Anisotropic filtering enhances texture sharpness, counteracting the blur introduced by mipmapping, a common anti-aliasing technique. Anisotropic filtering can therefore be said to maintain crisp texture detail at all viewing orientations while providing fast anti-aliased texture filtering.

In traditional isotropic mipmapping, downsizing at each level halves the resolution on each axis simultaneously. As a result, when rendering a horizontal plane at an oblique angle to the camera, the minification would provide an insufficient horizontal resolution due to the reduction of image frequency in the vertical axis. That is, when sampling to avoid aliasing on a high-frequency axis, the other texture axes will be similarly downsampled and therefore potentially blurred.

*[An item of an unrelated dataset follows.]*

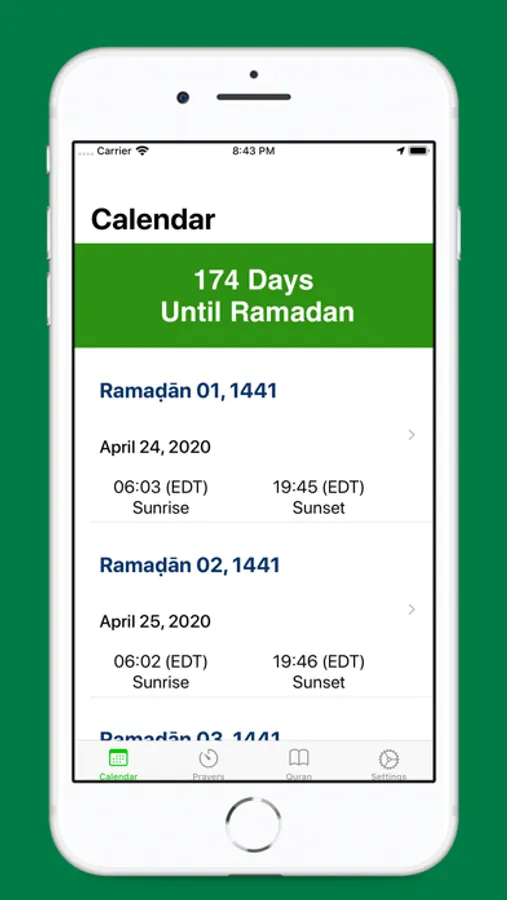 - Ramadan Calendar: See each calendar date in Hijri and Gregorian dates - alongside prayer times for that day. You can even see how many days until Ramadan or what day of Ramadan it is when the month starts.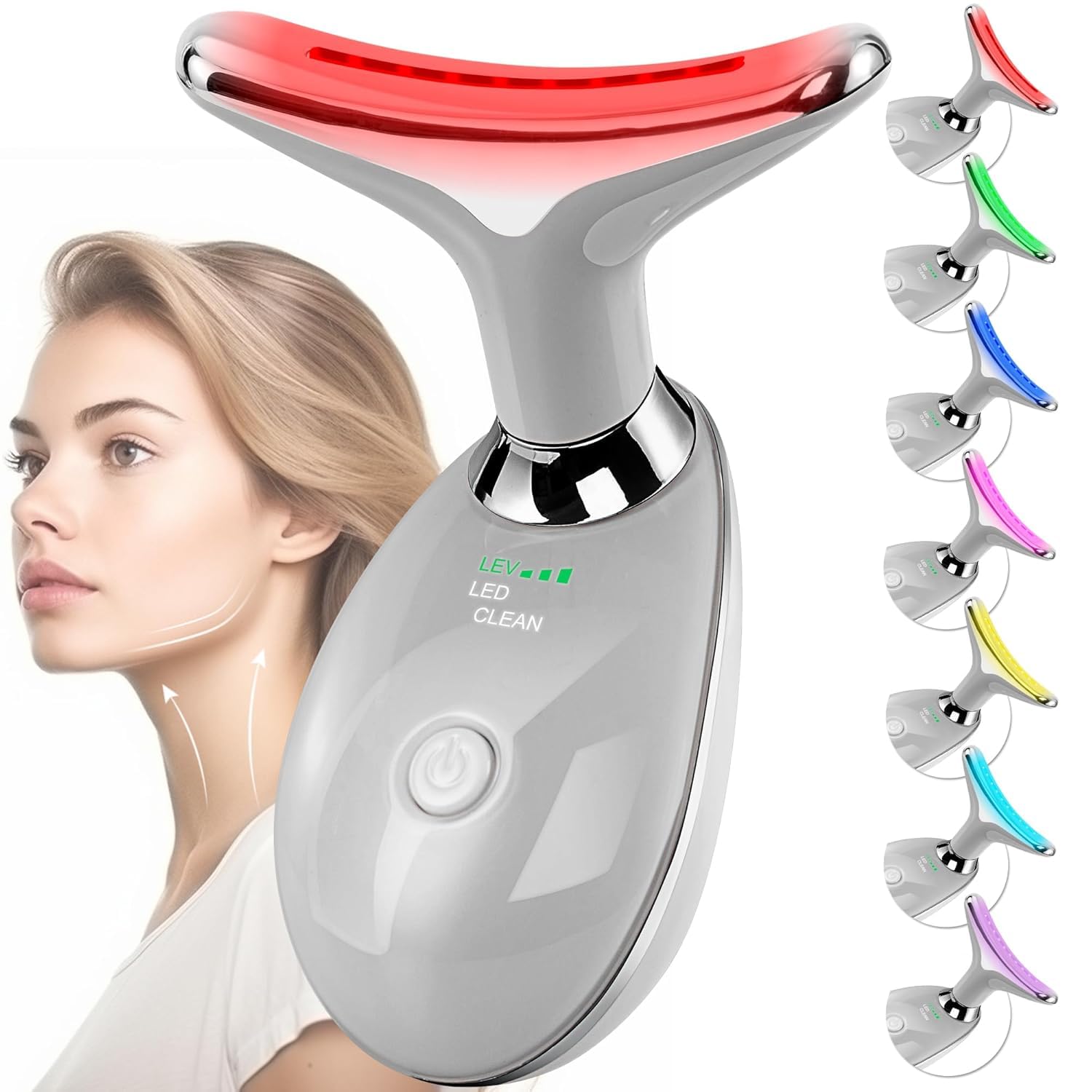 Dit LED-schoonheidsapparaat beschikt over 7 lichtstanden en een zachte warmte ter ondersteuning van huidverjonging. Het is ontworpen om comfortabel langs de hals en kaaklijn te passen en helpt de huid te ontspannen, de bloedsomloop te verbeteren en een gladdere, stevigere uitstraling te bevorderen. Het is oplaadbaar via USB en draagbaar, dus gemakkelijk te gebruiken, zowel thuis als op reis.

With mipmap anisotropic filtering, a texture of resolution 256px × 256px would not only be downsampled to 128px × 128px, but also to other non-square resolutions, such as 256px × 128px and 32px × 128px. These anisotropically downsampled images can be probed when the texture-mapped image frequency is different for each texture axis. Then, one axis is not blurred due to the screen frequency of another axis, and aliasing is still avoided.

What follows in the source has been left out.